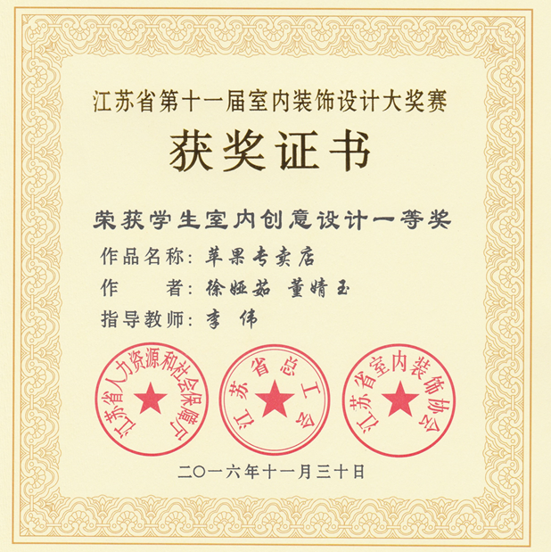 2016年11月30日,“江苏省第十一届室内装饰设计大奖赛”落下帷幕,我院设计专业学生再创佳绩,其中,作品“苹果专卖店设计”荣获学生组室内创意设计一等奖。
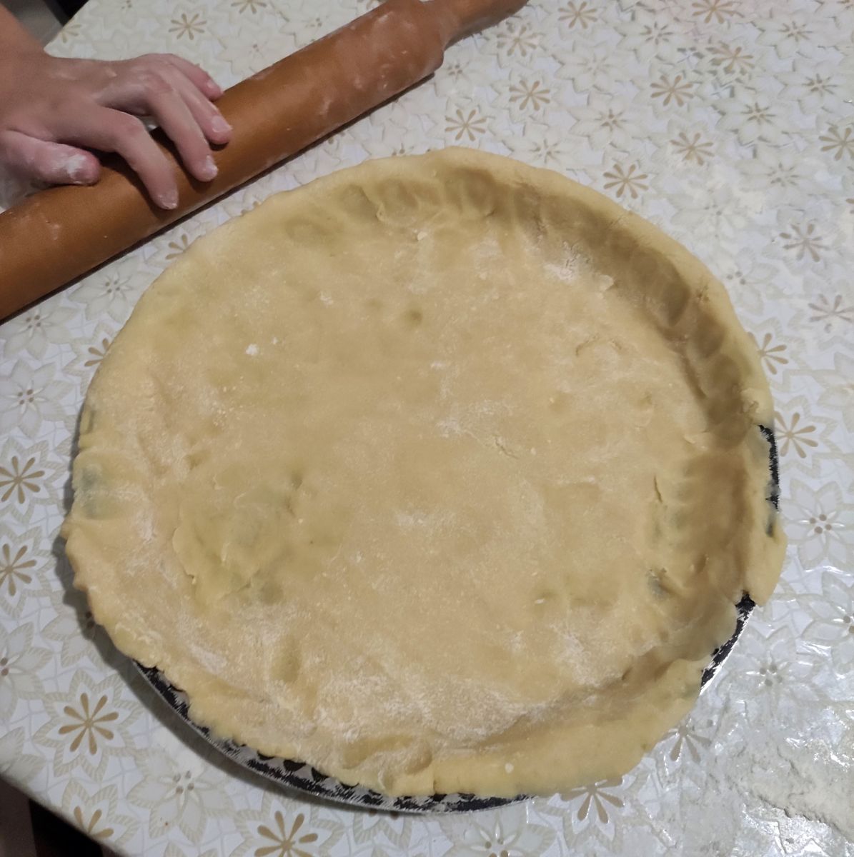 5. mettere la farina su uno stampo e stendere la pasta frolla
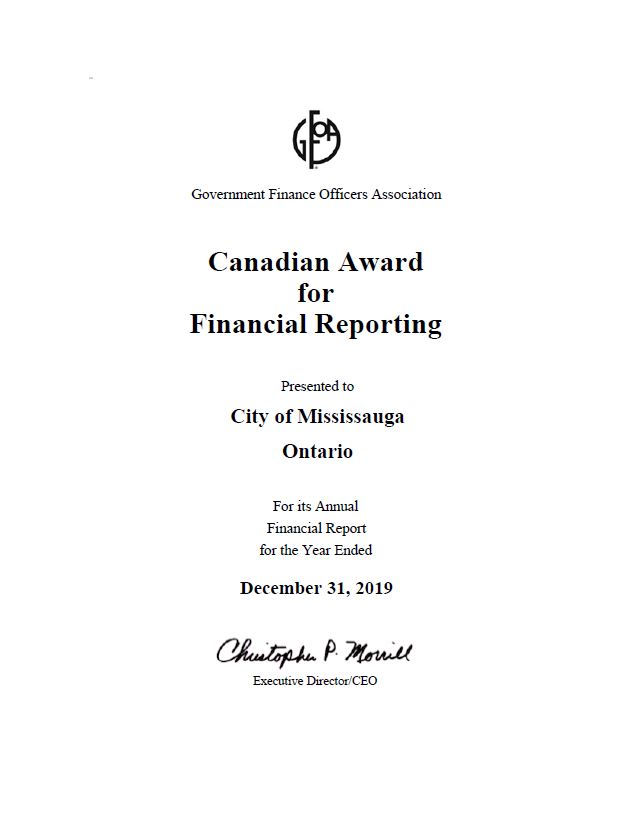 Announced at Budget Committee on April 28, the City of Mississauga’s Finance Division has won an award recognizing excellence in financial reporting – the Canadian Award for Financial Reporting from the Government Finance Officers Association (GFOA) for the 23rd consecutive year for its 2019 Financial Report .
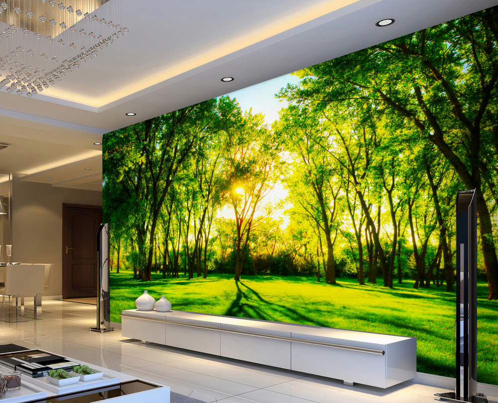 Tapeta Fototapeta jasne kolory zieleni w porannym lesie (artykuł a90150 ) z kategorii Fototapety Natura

■ ■ ■ ■ ■ ■ ■

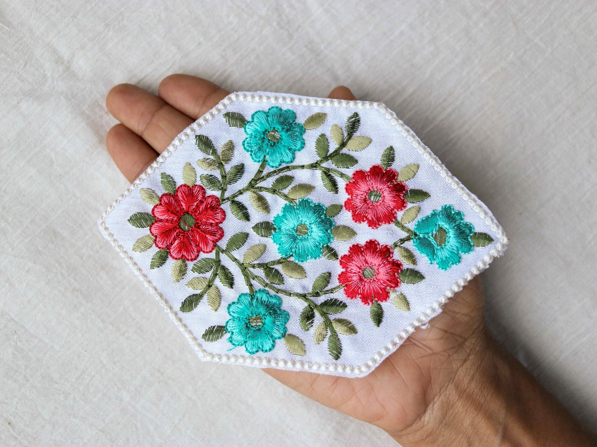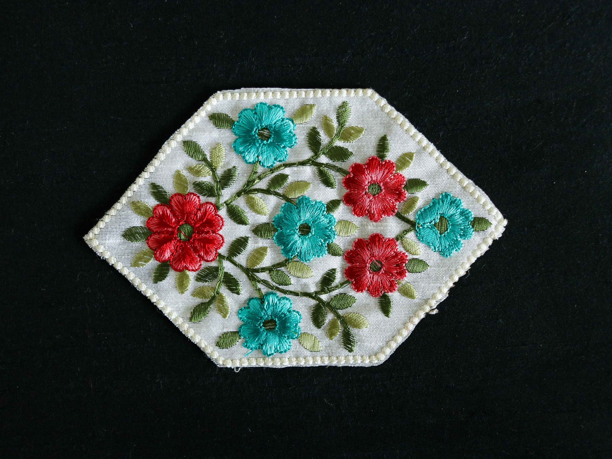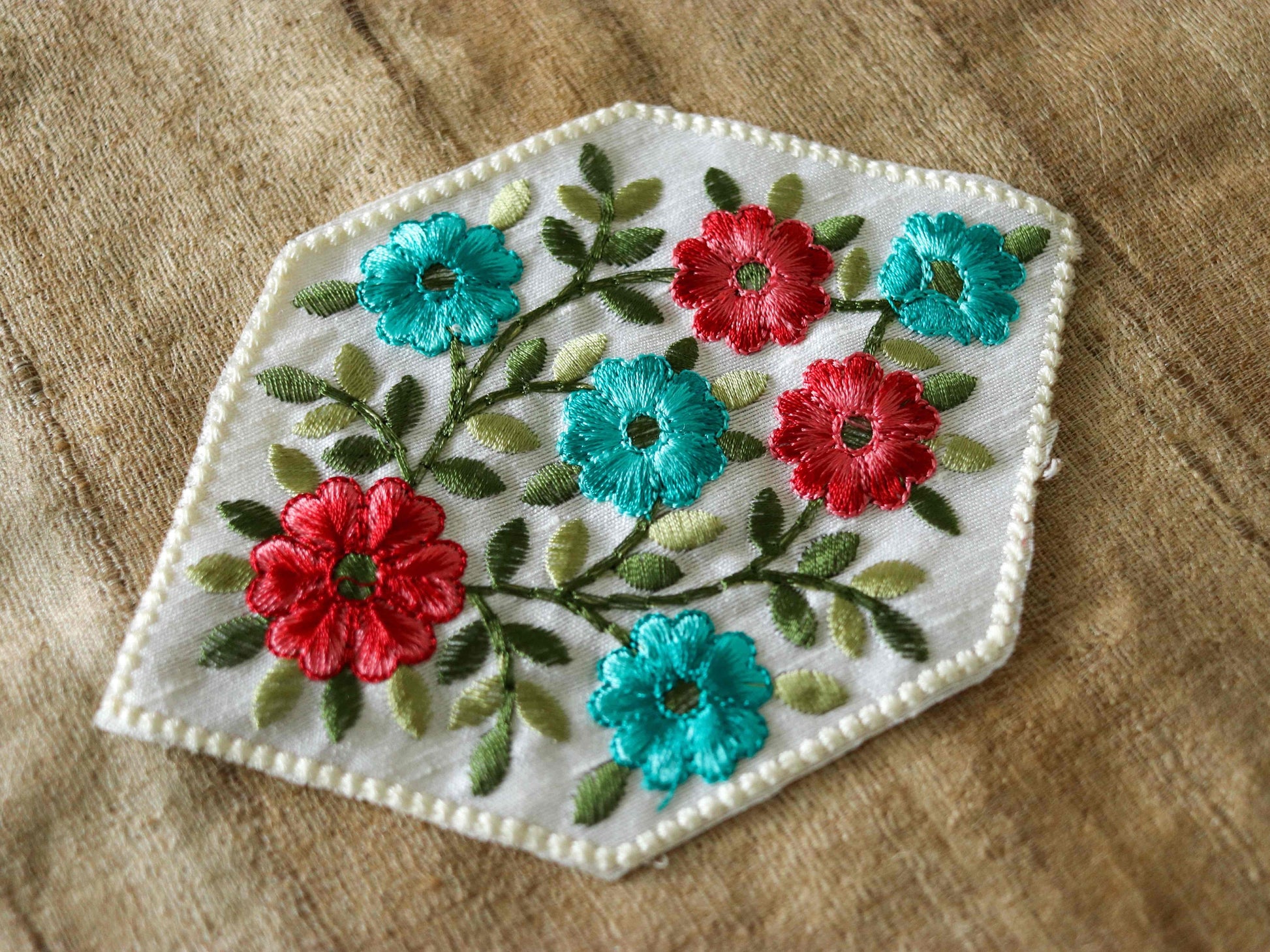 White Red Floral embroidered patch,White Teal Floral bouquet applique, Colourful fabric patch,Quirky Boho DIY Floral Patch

■ ■ ■ ■ ■ ■ ■

### WHAT IS BEING ASKED
Print an exact copy of the lines above, from the one containing "5. mettere la" through the one containing "Announced at Budget", and leave out the pictures.

### SOLVED PROBLEM
 5. mettere la farina su uno stampo e stendere la pasta frolla
 Announced at Budget Committee on April 28, the City of Mississauga’s Finance Division has won an award recognizing excellence in financial reporting – the Canadian Award for Financial Reporting from the Government Finance Officers Association (GFOA) for the 23rd consecutive year for its 2019 Financial Report .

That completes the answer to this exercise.